- **INSTRUCTIONS TO FOLLOW**: Would you copy the listing below exactly, keeping the pictures out?

- **RECORDS FOR THE EXERCISE**:
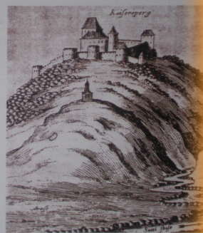
Cesargrad, bakrorez G.M. Vischera, 1681

Pretpostavlja se da je grad sazidan u drugoj polovici 13. ili početkom 14. stoljeća, a prvi put se spominje 1399. godine, kada ga kralj Žigmund dariva Hermanu Celjskom. Nakon što su Celjski izumrli, grad dobiva Andrija Baumkircher koji ga je zadržao do smrti, iako je i Ivan
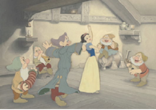
Şekil 3. (URL-6).

İlk uzun metrajlı film olan Pamuk Prenses ve Yedi Cüceler / Snow White and the Seven Dwarfs adlı filminden bir görüntü.
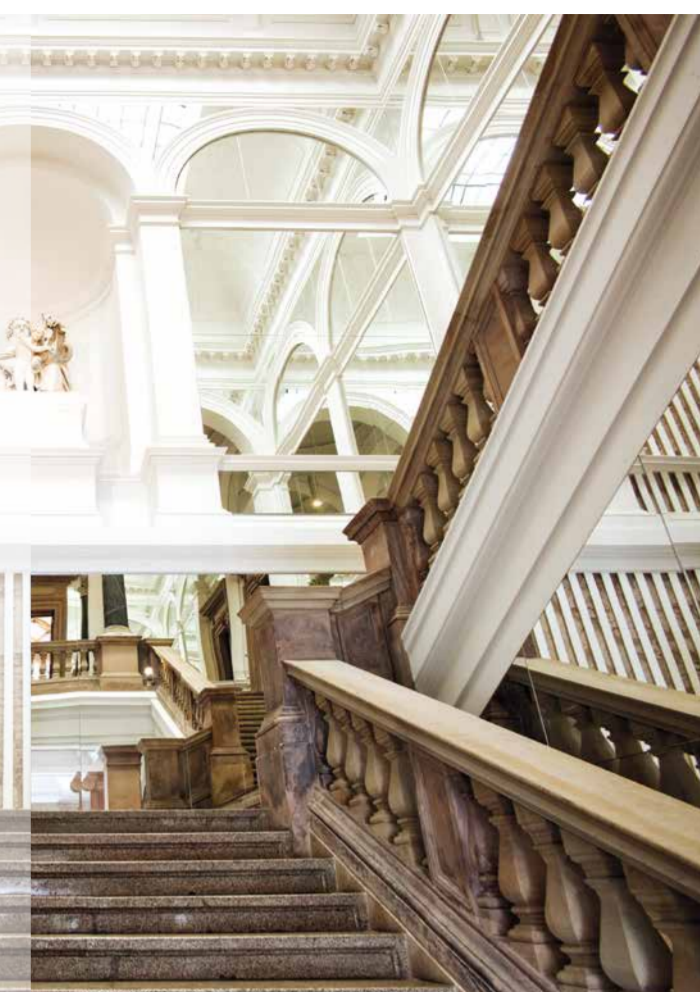
MUSEUM NEUES WEIMAR
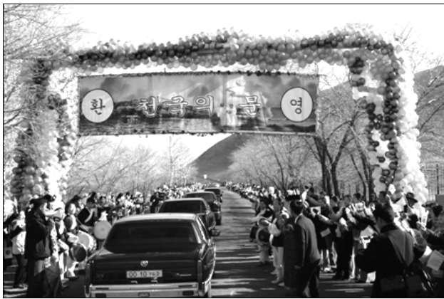
Un accueil chaleureux à l'arrivée du révérend et de madame Moon en Mongolie.

Chers dirigeants mondialement respectés, comment définir le but ultime de Dieu en créant l'être humain ? Tout simplement, éprouver de la joie en relation avec des familles idéales remplies d'amour vrai*. À quoi ressemble alors une famille idéale ? En créant les premiers êtres humains, Dieu fit d'Adam le modèle représentant tous les hommes et d'Ève le modèle représentant toutes les femmes. Il espérait les voir passer maîtres dans l'amour vrai. Pour parfaire leur caractère dans l'amour vrai, le plus court chemin était d'ancrer fermement leur lien filial avec Dieu. Ils auraient dû devenir une famille idéale qui soit un modèle de paix et dont les membres honorent Dieu comme leur Père. Autrement dit, ils auraient dû établir une famille soudée avec Dieu et vivre ainsi éternellement dans la joie.
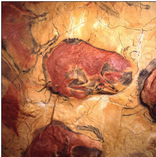
Altamira : Bison couché
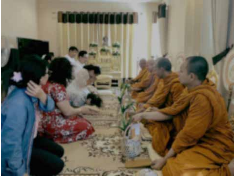
รูปภาพทำบุญขึ้นบ้านใหม่

ที่มา : https://bit.ly/3cX7H6k . ๕ เมษายน ๒๕๖๔

- **SOLUTION TO THE PROBLEM**:
Cesargrad, bakrorez G.M. Vischera, 1681

Pretpostavlja se da je grad sazidan u drugoj polovici 13. ili početkom 14. stoljeća, a prvi put se spominje 1399. godine, kada ga kralj Žigmund dariva Hermanu Celjskom. Nakon što su Celjski izumrli, grad dobiva Andrija Baumkircher koji ga je zadržao do smrti, iako je i Ivan
Şekil 3. (URL-6).

İlk uzun metrajlı film olan Pamuk Prenses ve Yedi Cüceler / Snow White and the Seven Dwarfs adlı filminden bir görüntü.
MUSEUM NEUES WEIMAR
Un accueil chaleureux à l'arrivée du révérend et de madame Moon en Mongolie.

Chers dirigeants mondialement respectés, comment définir le but ultime de Dieu en créant l'être humain ? Tout simplement, éprouver de la joie en relation avec des familles idéales remplies d'amour vrai*. À quoi ressemble alors une famille idéale ? En créant les premiers êtres humains, Dieu fit d'Adam le modèle représentant tous les hommes et d'Ève le modèle représentant toutes les femmes. Il espérait les voir passer maîtres dans l'amour vrai. Pour parfaire leur caractère dans l'amour vrai, le plus court chemin était d'ancrer fermement leur lien filial avec Dieu. Ils auraient dû devenir une famille idéale qui soit un modèle de paix et dont les membres honorent Dieu comme leur Père. Autrement dit, ils auraient dû établir une famille soudée avec Dieu et vivre ainsi éternellement dans la joie.
Altamira : Bison couché
รูปภาพทำบุญขึ้นบ้านใหม่

ที่มา : https://bit.ly/3cX7H6k . ๕ เมษายน ๒๕๖๔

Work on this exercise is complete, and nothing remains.